Being HIV infected does not
necessarily imply that a person has AIDS, although “having AIDS” is often
mistakenly used to mean “HIV-positive”. A person can remain HIV-positive for a
long period—greater than 10 years—without developing the clinical illness that
defines and constitutes a diagnosis of AIDS. The Centers for Disease Control
and Prevention (CDC) in Atlanta established an authoritative definition for the
diagnosis of AIDS: in an HIV-positive individual, the CD4 count must be below
200 cells per cu mm of blood, or there must be the clinical appearance of an
initial AIDS-defining opportunistic infection, including Pneumocystis carinii pneumonia (PCP), oral candidiasis (thrush), pulmonary tuberculosis or invasive
cervical carcinoma. In
Nature of the Disease
Clinical Progression
of AIDS
The progression from the point of
HIV infection to the clinical diseases that define AIDS may take six to ten
years or more. The progression to disease in HIV-infected individuals can be
monitored using surrogate markers, laboratory data that correlate with disease
progression or clinical endpoints, illnesses that are associated with more
advanced disease. Surrogate markers for the various stages of HIV disease
include the progressive loss of CD4 T-lymphocytes (CD4 T-cells), the major
white blood cell lost due to HIV infection. In general, the lower the patient's
CD4 T-cell count, the more advanced the immunosuppressed
disease state. The amount of HIV circulating in the blood is a second surrogate
marker. Using new sensitive detection techniques, the quantities of HIV in the
blood correlate with the clinical stage of the disease and appear to predict
the rate of disease progression and the response to antiviral therapy. An
infected individual's immune response to the virus (the ability to produce
antibodies against HIV proteins) can also be used to determine the progression
of AIDS. However, this surrogate marker is less precise during more advanced
AIDS due to the overall loss of immune function.

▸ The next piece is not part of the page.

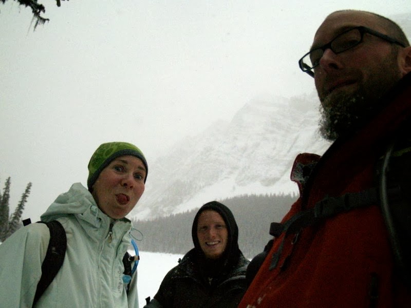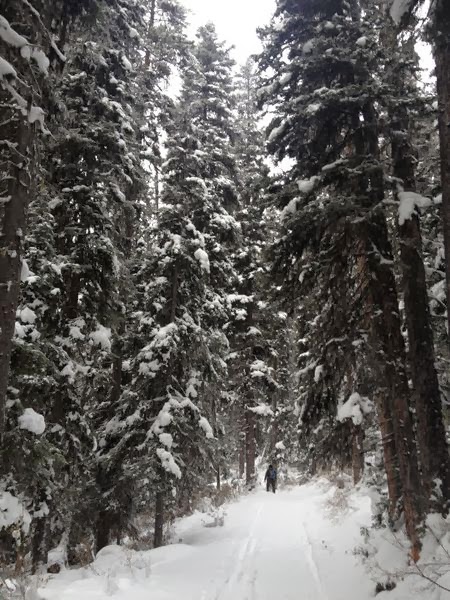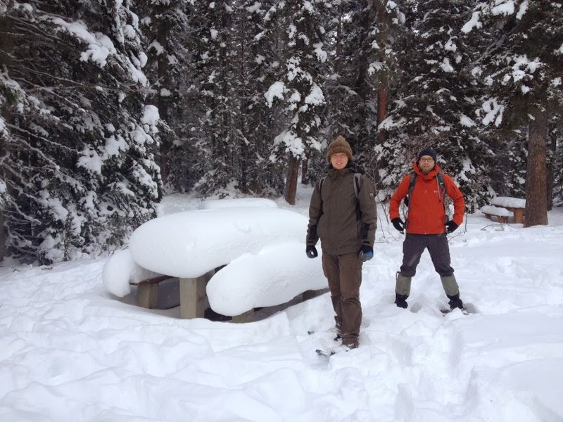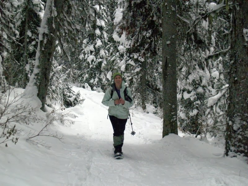 Mais le plus intéressant, c’est plutôt la sortie en raquettes de dimanche, la première de la saison, sur un sentier que nous ne connaissions pas encore, plus utilisé par les skieurs de fond que par les gens en raquettes, d’ailleurs. Nous hébergeons actuellement Steffen, un jeune couchsurfer Allemand qui vient passer deux mois à Canmore pour travailler (il est menuisier) avant de poursuivre son voyage d’un an à l’étranger. Cette sortie lui a donc permis de s’initier aux raquettes, puisque c’était sa première fois. Elle a également permis à Stéphane de tester son cadeau d’anniversaire avant l’heure, avant de le remballer pour le rouvrir le jour J. Il a eu l’air satisfait.

A well-recognized progression of
disease occurs in HIV-infected individuals. Within one to three weeks after infection
with HIV many individuals experience non-specific
flu-like symptoms (fever, headache, skin rash, tender lymph nodes and
malaise) lasting approximately one to two weeks. This phase termed acute
retroviral syndrome is important because HIV reproduces itself to very high
levels, circulates through the blood and establishes infections throughout the
body, especially in the lymph nodes. Patients' CD4 cell counts fall briefly but
return to near-normal levels as the immune system responds to the infection and
limits HIV replication and spread.
Individuals then enter a prolonged
asymptomatic phase that can last ten years or more. During this period, the
infected individuals remain in good health, with levels of CD4 cells in the
low-normal range (750-500 cells per cu mm). HIV continues to replicate during
the asymptomatic phase, although maintained at low levels, to cause a
progressive destruction of the immune system. Eventually, the immune system
declines and patients enter the early symptomatic phase. This phase can last
from only a few months to several years and is characterized by rapidly falling
levels of CD4 cells (500-200 cells per cu mm) and non-life-threatening
opportunistic infections. From this phase, patients undergo more extensive
immune destruction and serious illness that characterize the late symptomatic
phase. The late phase again can last from only a few months to years and
patients may have CD4 cell levels below 200 along with other AIDS-defining
opportunistic infections. A wasting syndrome of progressive weight loss and
debilitating fatigue is observed in a large proportion of patients in this
stage. The immune system is now in severe failure and patients eventually enter
the advanced AIDS phase, where CD4 cell numbers are below 50 and death from
severe life-threatening opportunistic infections and cancers is imminent,
within one to two years.
Opportunistic Illnesses
Death from AIDS is generally not due
to HIV infection itself, but due to opportunistic infections. These infections occur
when the immune system can no longer provide protection against agents normally
found in the environment. The appearance of any one of more than 20 different
opportunistic infections, termed AIDS-defining illnesses, provides the clinical
diagnosis of AIDS in HIV-infected individuals.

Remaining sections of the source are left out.